WHAT TO DO = Your answer must hold only the lines below from the line containing "Виниловая наклейка на" through the line containing "イラン攻撃上げ株下げ株。JA", each reproduced exactly.

Dataset entries =
━━━━━━━━━━━━━━━━━━━━

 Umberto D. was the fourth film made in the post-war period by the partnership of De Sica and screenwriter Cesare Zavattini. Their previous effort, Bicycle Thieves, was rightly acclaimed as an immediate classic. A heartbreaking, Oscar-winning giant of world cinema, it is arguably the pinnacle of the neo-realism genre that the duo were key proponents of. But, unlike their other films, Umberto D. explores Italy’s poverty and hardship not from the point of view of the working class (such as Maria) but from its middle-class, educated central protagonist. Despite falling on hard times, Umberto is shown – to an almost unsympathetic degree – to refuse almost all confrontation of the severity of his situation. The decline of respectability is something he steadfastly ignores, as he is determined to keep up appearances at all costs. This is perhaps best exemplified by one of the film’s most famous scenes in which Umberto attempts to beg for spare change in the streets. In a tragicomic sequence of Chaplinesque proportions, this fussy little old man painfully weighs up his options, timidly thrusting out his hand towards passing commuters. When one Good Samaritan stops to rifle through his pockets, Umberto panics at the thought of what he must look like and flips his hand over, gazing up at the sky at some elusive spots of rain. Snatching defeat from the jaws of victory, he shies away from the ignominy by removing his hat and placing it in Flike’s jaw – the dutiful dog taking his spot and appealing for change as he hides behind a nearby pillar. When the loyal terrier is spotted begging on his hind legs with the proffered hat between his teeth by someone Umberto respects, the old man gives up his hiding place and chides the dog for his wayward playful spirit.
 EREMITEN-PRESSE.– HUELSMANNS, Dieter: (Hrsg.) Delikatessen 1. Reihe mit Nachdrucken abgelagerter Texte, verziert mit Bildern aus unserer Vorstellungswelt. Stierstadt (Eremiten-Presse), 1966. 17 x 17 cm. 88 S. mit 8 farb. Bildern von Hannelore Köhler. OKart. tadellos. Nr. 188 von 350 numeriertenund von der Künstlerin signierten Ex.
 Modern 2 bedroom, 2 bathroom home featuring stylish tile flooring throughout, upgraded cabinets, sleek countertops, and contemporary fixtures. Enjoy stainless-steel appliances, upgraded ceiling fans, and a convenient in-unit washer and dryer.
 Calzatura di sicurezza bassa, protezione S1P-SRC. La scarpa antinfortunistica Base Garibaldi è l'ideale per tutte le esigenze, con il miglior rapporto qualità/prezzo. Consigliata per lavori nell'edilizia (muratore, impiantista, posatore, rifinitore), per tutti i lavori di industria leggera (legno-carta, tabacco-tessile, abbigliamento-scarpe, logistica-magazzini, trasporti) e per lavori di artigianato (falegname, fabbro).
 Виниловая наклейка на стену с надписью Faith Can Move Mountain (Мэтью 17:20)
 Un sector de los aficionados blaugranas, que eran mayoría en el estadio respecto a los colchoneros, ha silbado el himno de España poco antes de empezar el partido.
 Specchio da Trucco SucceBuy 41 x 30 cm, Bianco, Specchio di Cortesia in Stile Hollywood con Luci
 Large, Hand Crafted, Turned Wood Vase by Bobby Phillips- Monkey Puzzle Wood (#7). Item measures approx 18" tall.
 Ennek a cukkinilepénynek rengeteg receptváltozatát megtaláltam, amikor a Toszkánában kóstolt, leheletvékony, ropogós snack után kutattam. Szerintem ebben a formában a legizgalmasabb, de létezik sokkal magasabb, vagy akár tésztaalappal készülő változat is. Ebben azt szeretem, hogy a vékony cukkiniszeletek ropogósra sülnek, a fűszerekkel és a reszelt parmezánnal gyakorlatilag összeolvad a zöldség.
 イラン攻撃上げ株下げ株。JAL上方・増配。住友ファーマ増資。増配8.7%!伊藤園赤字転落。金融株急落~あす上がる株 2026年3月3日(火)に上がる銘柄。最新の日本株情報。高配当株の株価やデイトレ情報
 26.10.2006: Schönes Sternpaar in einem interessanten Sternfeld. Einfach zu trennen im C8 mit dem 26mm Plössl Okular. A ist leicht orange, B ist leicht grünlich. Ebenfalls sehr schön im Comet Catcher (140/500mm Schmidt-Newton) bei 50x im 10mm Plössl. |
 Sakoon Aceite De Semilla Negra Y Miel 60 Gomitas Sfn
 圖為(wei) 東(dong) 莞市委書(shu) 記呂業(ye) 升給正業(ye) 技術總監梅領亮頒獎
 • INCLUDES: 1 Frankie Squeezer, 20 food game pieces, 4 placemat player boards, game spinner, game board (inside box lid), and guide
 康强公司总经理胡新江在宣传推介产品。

━━━━━━━━━━━━━━━━━━━━

OUTPUT OF THE TASK =
 Виниловая наклейка на стену с надписью Faith Can Move Mountain (Мэтью 17:20)
 Un sector de los aficionados blaugranas, que eran mayoría en el estadio respecto a los colchoneros, ha silbado el himno de España poco antes de empezar el partido.
 Specchio da Trucco SucceBuy 41 x 30 cm, Bianco, Specchio di Cortesia in Stile Hollywood con Luci
 Large, Hand Crafted, Turned Wood Vase by Bobby Phillips- Monkey Puzzle Wood (#7). Item measures approx 18" tall.
 Ennek a cukkinilepénynek rengeteg receptváltozatát megtaláltam, amikor a Toszkánában kóstolt, leheletvékony, ropogós snack után kutattam. Szerintem ebben a formában a legizgalmasabb, de létezik sokkal magasabb, vagy akár tésztaalappal készülő változat is. Ebben azt szeretem, hogy a vékony cukkiniszeletek ropogósra sülnek, a fűszerekkel és a reszelt parmezánnal gyakorlatilag összeolvad a zöldség.
 イラン攻撃上げ株下げ株。JAL上方・増配。住友ファーマ増資。増配8.7%!伊藤園赤字転落。金融株急落~あす上がる株 2026年3月3日(火)に上がる銘柄。最新の日本株情報。高配当株の株価やデイトレ情報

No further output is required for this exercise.